2
$\begingroup$

I'm almost certain that $$\sum_{n=1}^{\infty}\frac{3\ln(n)}{n^7}$$ converges. However, WebWork tells me that this is incorrect. I have been in that situation before but I obviously can't assume that I'm right and the computer is wrong based on that. I don't know how the system work and I'm not sure whether what I do is correct anymore.

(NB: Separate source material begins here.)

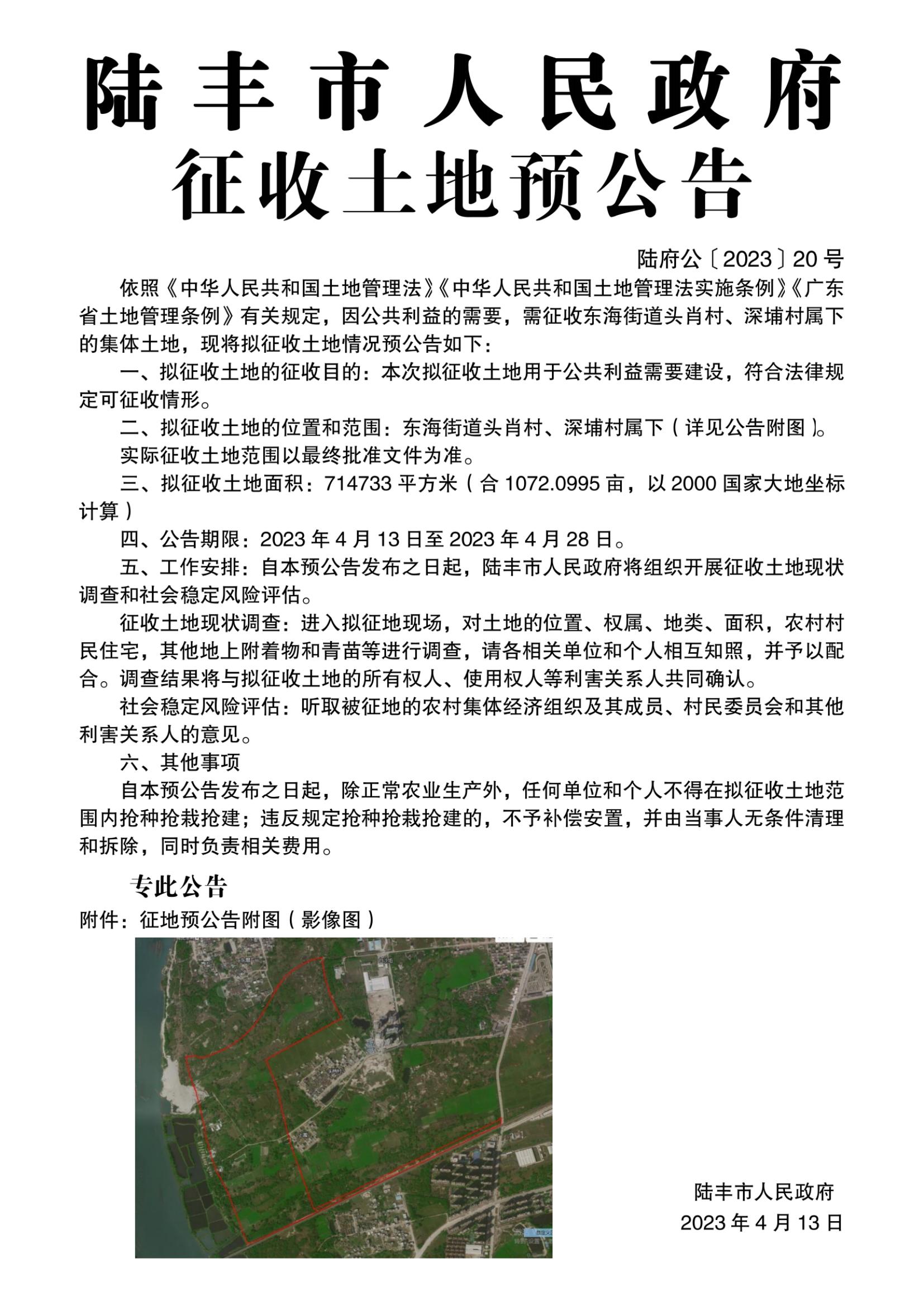 苹果直播 征收土地预公告(陆府公〔2023〕20号)
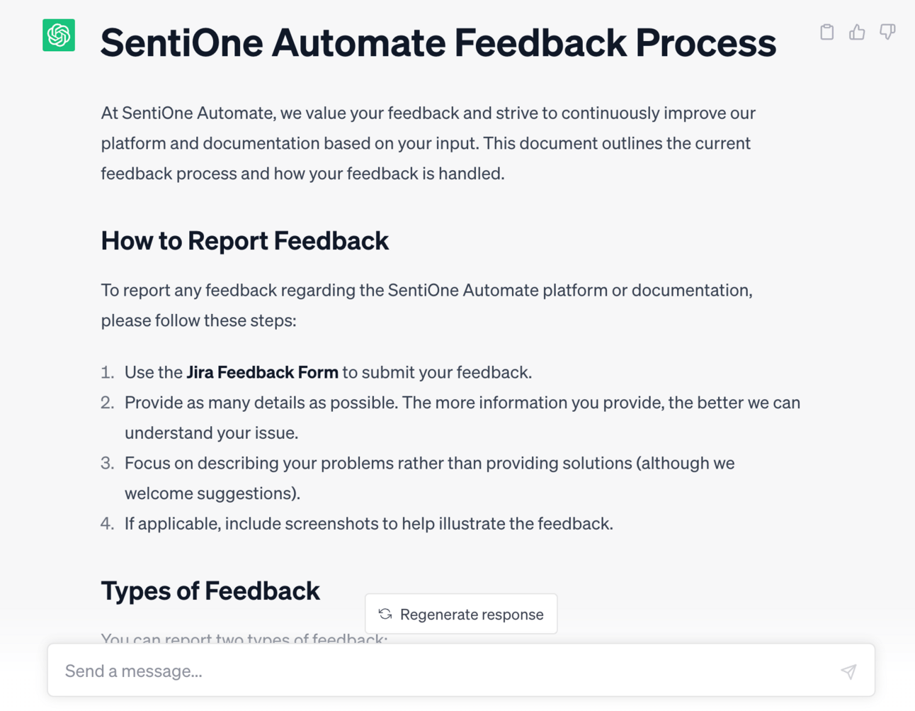 Ostatnim tematem do którego zatrudniłem mojego wirtualnego asystenta było pisanie dokumentacji. Mieliśmy do przygotowania publiczny opis/tutorial naszego nowego rytuału zbierania feedbacku od użytkowników w produkcie (jak zbieramy feedback, gdzie można zgłosić, co się z nim potem dzieje).

By the $p$-test, I know $$3\sum_{n=1}^{\infty}\frac{1}{n^7}$$ converges. I also know that $\ln(n)$ grow very slowly so I use the comparison $\ln(n)\le Cn$ which I think will not change that fact that the sum converges such that $$\sum_{n=1}^\infty\frac{3\ln(n)}{n^7}\le \sum_{n=1}^\infty\frac{Cn}{n^7}= C\sum_{n=1}^\infty\frac 1{n^6}\lt\infty$$ which makes me quite certain that $\sum_{n=1}^{\infty}\frac{3\ln(n)}{n^7}$ is convergent.

I also checked that $$\begin{align} \lim_{\epsilon \to \infty}\int_1^\epsilon\frac{3\ln(x)}{x^7}\,dx & = 3\lim_{\epsilon \to \infty}\left(-\frac{\log (x)}{6 x^6}\bigg|_{1}^{\epsilon} +\frac{1}{6}\int_1^\epsilon \frac {dx}{x^7}\right)\\ & = 3\lim_{\epsilon \to \infty}\left( -\frac{\log (x)}{6 x^6}-\frac{1}{36 x^6}\right)\bigg|_{1}^{\epsilon}\\ & = \frac 1{12}\\ \end{align}$$

Can someone please shine some light on this for me?

$\endgroup$
3
  • $\begingroup$ Besides mixing $n$'s and $x$'s in your comparison, you are correct. The series converges. $\endgroup$ – carmichael561 Apr 4 '17 at 0:53
  • $\begingroup$ WolframAlpha agrees with you that this converges. $\endgroup$ – Mark Apr 4 '17 at 0:53
  • $\begingroup$ @carmichael561 Thank you I will edit that, I put that on the count of not being properly caffeinated... $\endgroup$ – user409521 Apr 4 '17 at 0:54
2
$\begingroup$

The series is convergent by p test and we may evaluate the “closed form”. The Riemann zeta function is defined as$$\zeta\left(s\right)=\sum_{n\geq1}\frac{1}{n^{s}},\,\textrm{Re}\left(s\right)>1.$$It is absolute convergent in the region $\textrm{Re}\left(s\right)>1$ so $$\zeta'\left(s\right)=\frac{d}{ds}\left(\sum_{n\geq1}\frac{1}{n^{s}}\right)=\sum_{n\geq1}\frac{d}{ds}\left(\frac{1}{n^{s}}\right)=-\sum_{n\geq1}\frac{\log\left(n\right)}{n^{s}} $$ hence $$S=3\sum_{n\geq1}\frac{\log\left(n\right)}{n^{7}}=\color{red}{-3\zeta'\left(7\right)}\approx0.0181.$$

$\endgroup$
2
  • 1
    $\begingroup$ Thanks for sparking my interest for Riemann's zeta function and giving me some insight. $\endgroup$ – user409521 Apr 4 '17 at 17:21
  • 1
    $\begingroup$ @InfiniteMonkey You're welcome. $\endgroup$ – Marco Cantarini Apr 4 '17 at 18:17
1
$\begingroup$

I would try the "Integral Test for Convergence" which says:

Consider an integer $N$ and a non-negative, continuous function $f$ defined on the unbounded interval $[N, ∞)$, on which it is monotone decreasing. Then the infinite series

$$\sum_N^{\infty} f(n)$$

converges to a real number if and only if the improper integral

$$\int_N^{\infty} f(x) dx$$

is finite.

Look at

$$\sum_{n=1}^{\infty}\frac{3\ln(n)}{n^7}$$

and the improper integral

$$\int _1^{\infty }\frac{3 \ln (n)}{n^7} = \frac{1}{12},$$ which is finite.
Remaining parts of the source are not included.